[YOUR OBJECTIVE]:
Output the full listing below exactly as it reads, and skip anything that is a picture.

[SOURCE DATA]:
━━━━━━━━━━

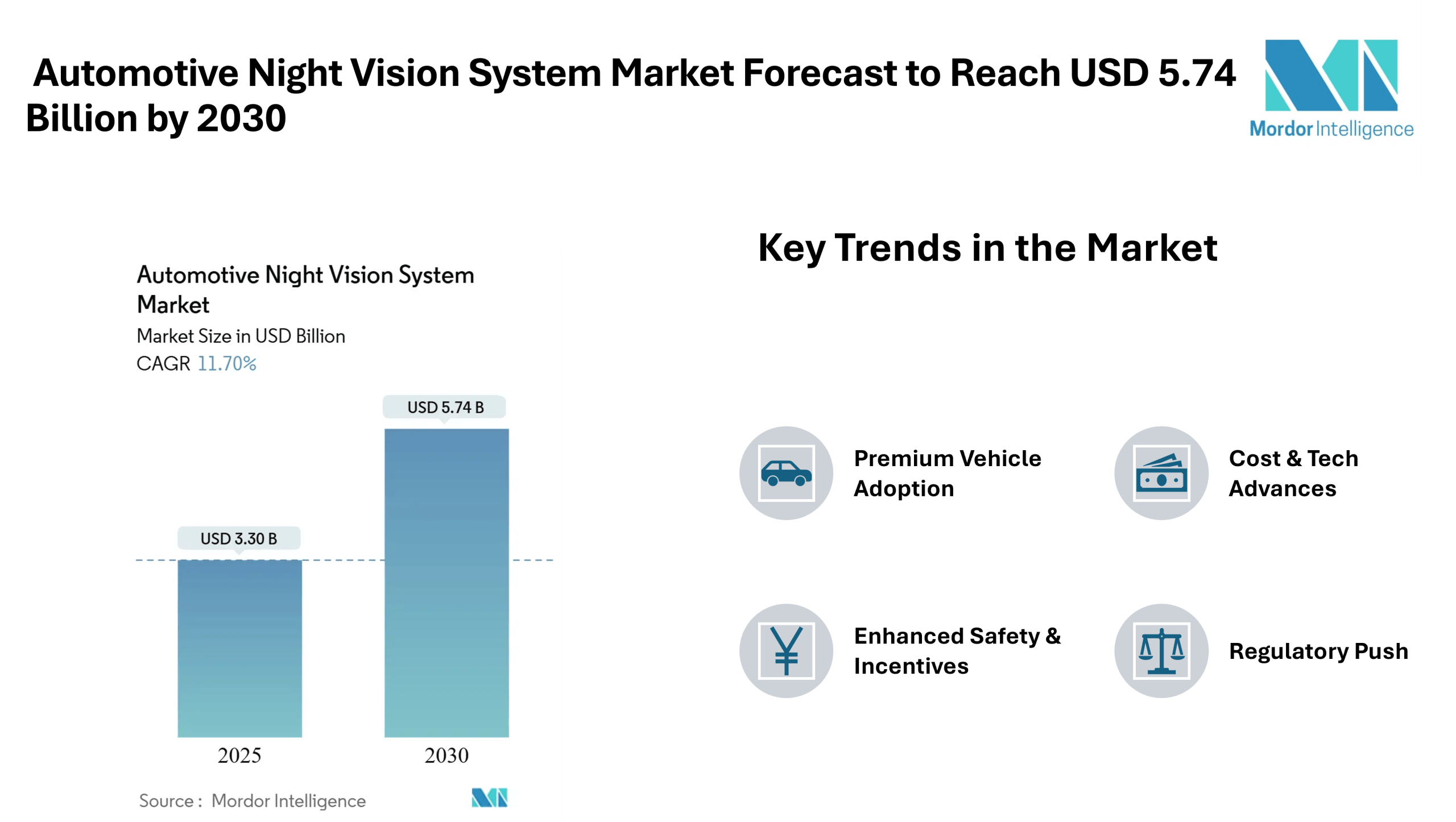 The automotive night vision system market is projected to grow from USD 3.30 billion in 2025 to USD 5.74 billion by 2030, registering a CAGR of 11.70%. Growth is driven by regulatory mandates for pedestrian protection, increasing adoption in premium battery-electric vehicles, and reductions in thermal imaging component costs. North America remains the largest market, while Asia-Pacific is poised to be the fastest-growing region. Automotive night vision systems are gradually transitioning from luxury add-ons to standard safety and compliance features, enhancing nighttime visibility and reducing accidents.
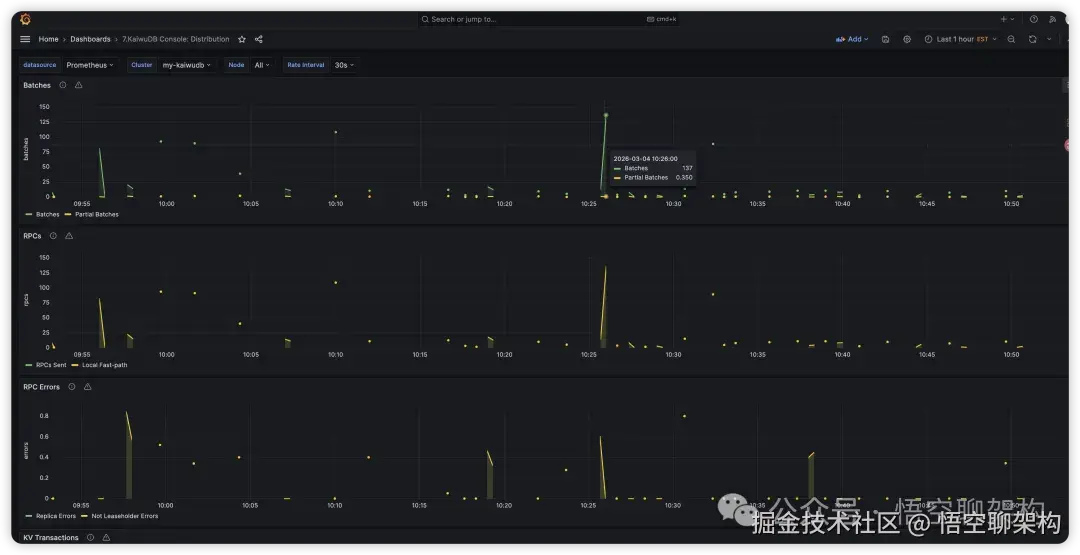 分布式:展示分布式相关的监控指标,用到的 dashboard 文件为KaiwuDB_Console_Distribution.json。
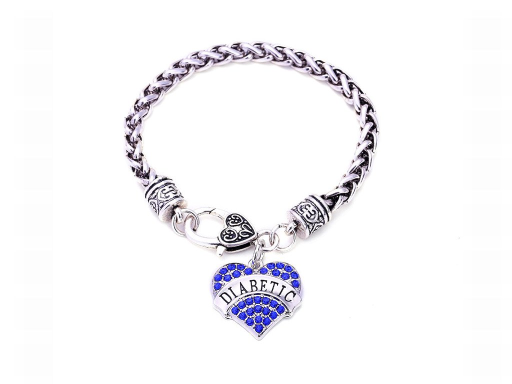A beautifully decorated bracelet with a heart and the inscription Diabetic, whose heart is inlaid with stones. A suitable gift for diabetics.

━━━━━━━━━━

[THE ANSWER]:
 The automotive night vision system market is projected to grow from USD 3.30 billion in 2025 to USD 5.74 billion by 2030, registering a CAGR of 11.70%. Growth is driven by regulatory mandates for pedestrian protection, increasing adoption in premium battery-electric vehicles, and reductions in thermal imaging component costs. North America remains the largest market, while Asia-Pacific is poised to be the fastest-growing region. Automotive night vision systems are gradually transitioning from luxury add-ons to standard safety and compliance features, enhancing nighttime visibility and reducing accidents.
 分布式:展示分布式相关的监控指标,用到的 dashboard 文件为KaiwuDB_Console_Distribution.json。
A beautifully decorated bracelet with a heart and the inscription Diabetic, whose heart is inlaid with stones. A suitable gift for diabetics.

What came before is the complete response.